I used the pipeline given at Solid Software Tools: DeNovo Assembly/XSQ Tools pipeline mirrored at BioStar to perform a solid assembly. It ran successfully. However, when I look at the statistics of the nucleotide-space assembly and the double-encoded colorspace assembly, they are significantly off. What's the reason?

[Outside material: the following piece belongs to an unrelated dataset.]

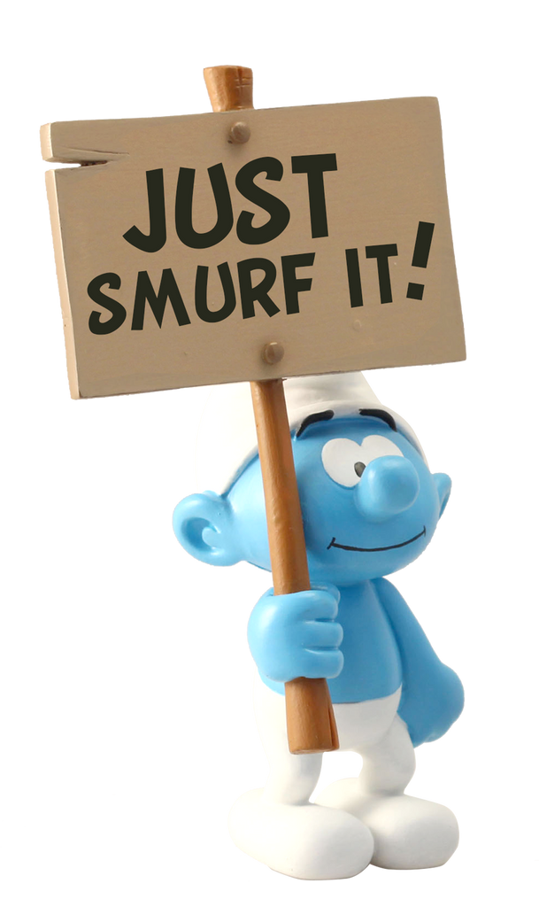 LES SCHTROUMPFS: SCHTROUMPF avec PANCARTE "JUST SMURF IT!" - statuette résine 12 cm

contigs$ cat n50.stats.txt
perc A : 31
perc C : 22
perc G : 20
perc T : 24
perc N : 0
Sum contig length : 182066280
Num contigs : 1204729
Mean contig length : 151
Median contig length : 128
N50 value : 154
Max : 5517
nt_contigs$ cat n50.stats.txt
perc A : 55
perc C : 0
perc G : 0
perc T : 44
perc N : 0
Sum contig length : 199569293
Num contigs : 1204729
Mean contig length : 165
Median contig length : 140
N50 value : 166
Max : 5013
scaffolds$ cat n50.stats.txt
perc A : 10
perc C : 7
perc G : 6
perc T : 7
perc N : 67
Sum contig length : 563660388
Num contigs : 855887
Mean contig length : 658
Median contig length : 140
N50 value : 3997
Max : 74154
nt_scaffolds$ cat n50.stats.txt
perc A : 55
perc C : 0
perc G : 0
perc T : 44
perc N : 0
Sum contig length : 200084049
Num contigs : 855887
Mean contig length : 233
Median contig length : 146
N50 value : 242
Max : 18952
The N50 value in the case of scaffolds is really off. Also, the GC% in nt_contigs and nt_scaffolds is zero which is odd.
While that is true why is the max length and so on different? Shouldn't colorspace be just 1 less than the length of the basespace sequence.
once you convert to colorspace the sequences change altogether, two different looking sequences may convert to the same sequence see also this: Transforming and manipulating color space reads
Another question here. How could two different colorspace sequences represent the same basespace sequence? I can see that each colorspace sequence could represent 4 different basespace sequences. A toy example would be useful here. Thanks.